EU calls for U.N. role in Afghanistan
LUXEMBOURG -- European Union foreign ministers have been drawing up a blueprint for a "significant" U.N. role in building a post-Taliban Afghanistan.
The EU is pushing for U.N. involvement in reshaping Afghanistan after the current military campaign against the Taliban regime is concluded.
Leading EU nations are also sounding out Afghanistan's neighbours on the way forward.
"The United Nations is going to play a crucial role. They are the only ones that can guide" Afghanistan's transition, German Foreign Minister Joschka Fischer told the Associated Press.
Fischer is to visit Pakistan, Saudi Arabia and Iran in the next week.
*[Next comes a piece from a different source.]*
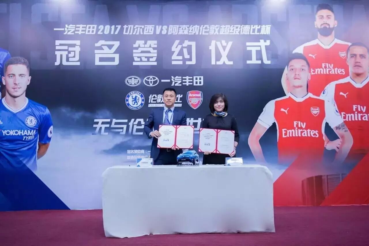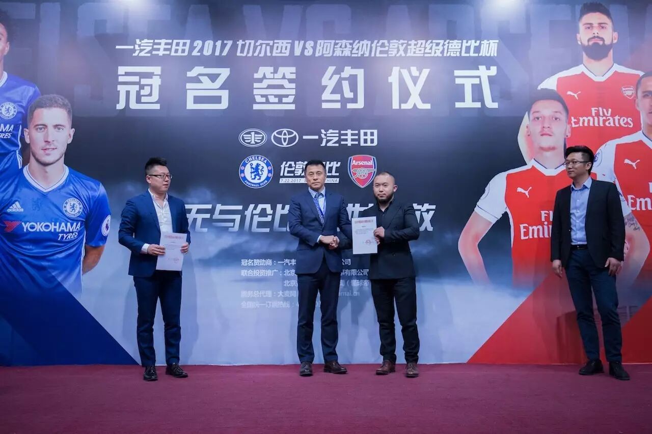 三者合体就成了一项最炫的国际顶级足球赛事,成功冠名这样的比赛,你说一汽丰田是不是在放大招!2017年4月26日下午,一汽丰田2017切尔西VS阿森纳伦敦超级德比杯冠名签约仪式在北京鸟巢举行。

The Luxembourg meeting came two days ahead of a summit of EU national leaders in Ghent, Belgium.
Top of the agenda for the foreign ministers was hammering out a joint strategy on terrorism and rebuilding Afghanistan in preparation for the Ghent summit.
The foreign ministers were building on measures agreed by a joint meeting of home affairs and interior ministers -- also in Luxembourg -- on Tuesday.
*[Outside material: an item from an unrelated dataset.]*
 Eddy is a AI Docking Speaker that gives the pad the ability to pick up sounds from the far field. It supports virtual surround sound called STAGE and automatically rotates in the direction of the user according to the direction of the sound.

Officials said that while there were rumblings in Europe about the U.S. and British air campaign against Taliban targets, officials the EU nations had not considered any call for a cease-fire.
"Political support for the United States in its campaign will be underscored at the EU summit on Friday," a German diplomat, who asked not to be named, told the Associated Press. France and Germany have proposed that Afghanistan's ex-king, Mohammad Zaher Shah, who was deposed in 1973, becomes the national figurehead when Afghanistan is reshaped. On Monday, the EU finance, justice and transport ministers endorsed measures to combat global terrorism, including a move to apply money-laundering rules to various serious crimes, not just the illegal drugs trade.
They pledged to freeze assets of terrorists and their organizations and boost airport and airplane security.
The EU will study deploying "sky marshals" on airlines.
Separately, the EU will compensate EU airlines for at least four days of business lost when the United States closed its airspace after the September 11 attacks against New York and Washington and provide war risk insurance coverage through at least November 30.
While in Luxembourg for the talks, British Foreign Secretary Jack Straw telephoned his Israeli counterpart, Shimon Peres, "to express the shock of the British government" at the assassination of tourism minister Rehavam Zeevi.
"It is a deep shock. It is terrible news that underlines the need for there to be a peace process," said Straw. He added the killing underlined above all "the potential of extremists to disrupt that process."